Huntington disease (HD) is a neurodegenerative disorder caused by a polyglutamine expansion in the HTT gene. Various HD animal models have been generated to mimic the motor, cognitive and neuropsychiatric disturbances that affect HD patients. Reproducing disease phenotypes within these models is essential to identify reliable readouts for therapy studies. We validated behavioral phenotypes shown earlier by other research groups in the BACHD rat model, using both previously applied and novel tests for motor, cognitive and anxiety-like behaviors. We first confirmed known BACHD rats’ phenotypes in rotarod, open field (OF) and elevated plus maze (EPM) tests. We then assessed the reproducibility of key phenotypes in the model using new tests: cliff hanging, passive avoidance (PA), Morris water maze (MWM), light dark box and light spot tests. We confirmed impaired motor coordination in the rotarod test and reduced activity in the OF. In line with earlier results in BACHD rats using different tests, we showed impaired reversal learning in MWM and decreased anxiety-like behavior with the light spot test supporting the validity of BACHD rats as a model of HD. Results in the EPM, light dark box, cliff hanging and PA tests did not confirm earlier findings. This may depend on phenotype inconsistencies or rather be related to differences in environmental variables, test typology, experimental settings, animal age and chosen behavioral parameters.
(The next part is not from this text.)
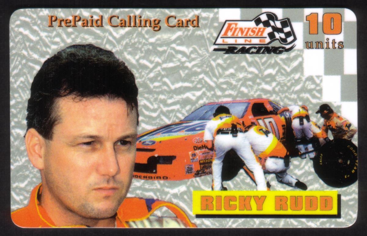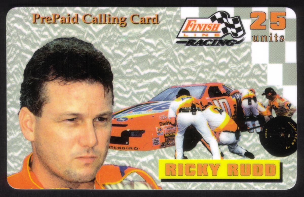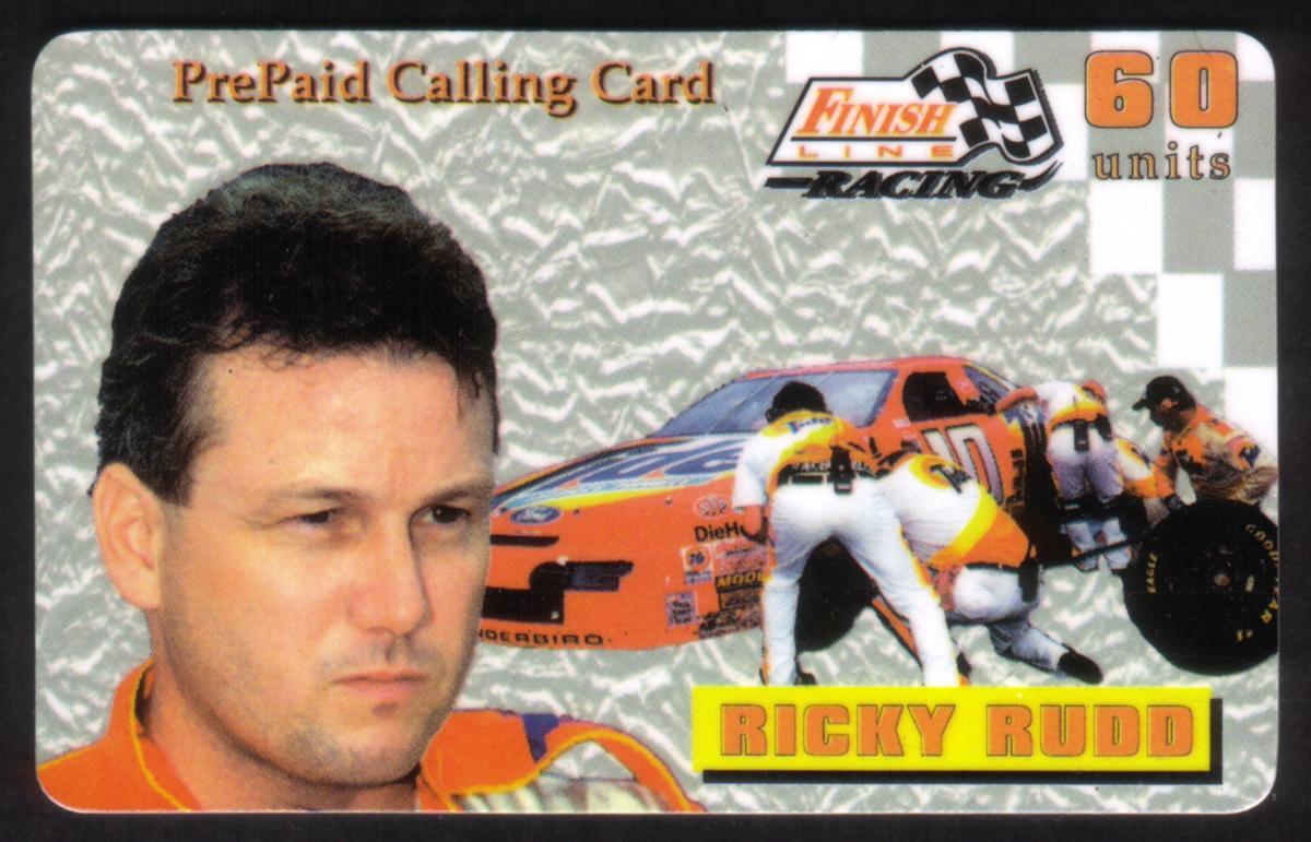 The background of each card has a silver textured pattern, while the top right corner shows the number of calling units available: 5, 10, 25, or 60 units. Above this, the black and white checkered flag logo of Finish Line Racing is featured. Below the car image, Ricky Rudd’s name is presented in bold yellow letters with a red outline. The top left corner of each card includes the text "PrePaid Calling Card" in orange.

亨廷顿病 (HD) 是一种由HTT 中多聚谷氨酰胺扩张引起的神经退行性疾病基因。已经生成了各种 HD 动物模型来模拟影响 HD 患者的运动、认知和神经精神障碍。在这些模型中重现疾病表型对于确定治疗研究的可靠读数至关重要。我们使用先前应用的和新的运动、认知和焦虑样行为测试，验证了其他研究小组之前在 BACHD 大鼠模型中显示的行为表型。我们首先在旋转棒、开放场 (OF) 和高架十字迷宫 (EPM) 测试中确认了已知的 BACHD 大鼠的表型。然后，我们使用新测试评估了模型中关键表型的可重复性：悬崖悬挂、被动回避 (PA)、莫里斯水迷宫 (MWM)、浅暗箱和亮点测试。我们在旋转棒测试中证实了运动协调受损和 OF 活动减少。与使用不同测试的 BACHD 大鼠的早期结果一致，我们在 MWM 中显示出受损的逆转学习和减少的焦虑样行为，光斑测试支持 BACHD 大鼠作为 HD 模型的有效性。EPM、浅暗盒、悬崖悬挂和 PA 测试的结果并未证实早期的发现。这可能取决于表型不一致，或者与环境变量、测试类型、实验设置、动物年龄和所选行为参数的差异有关。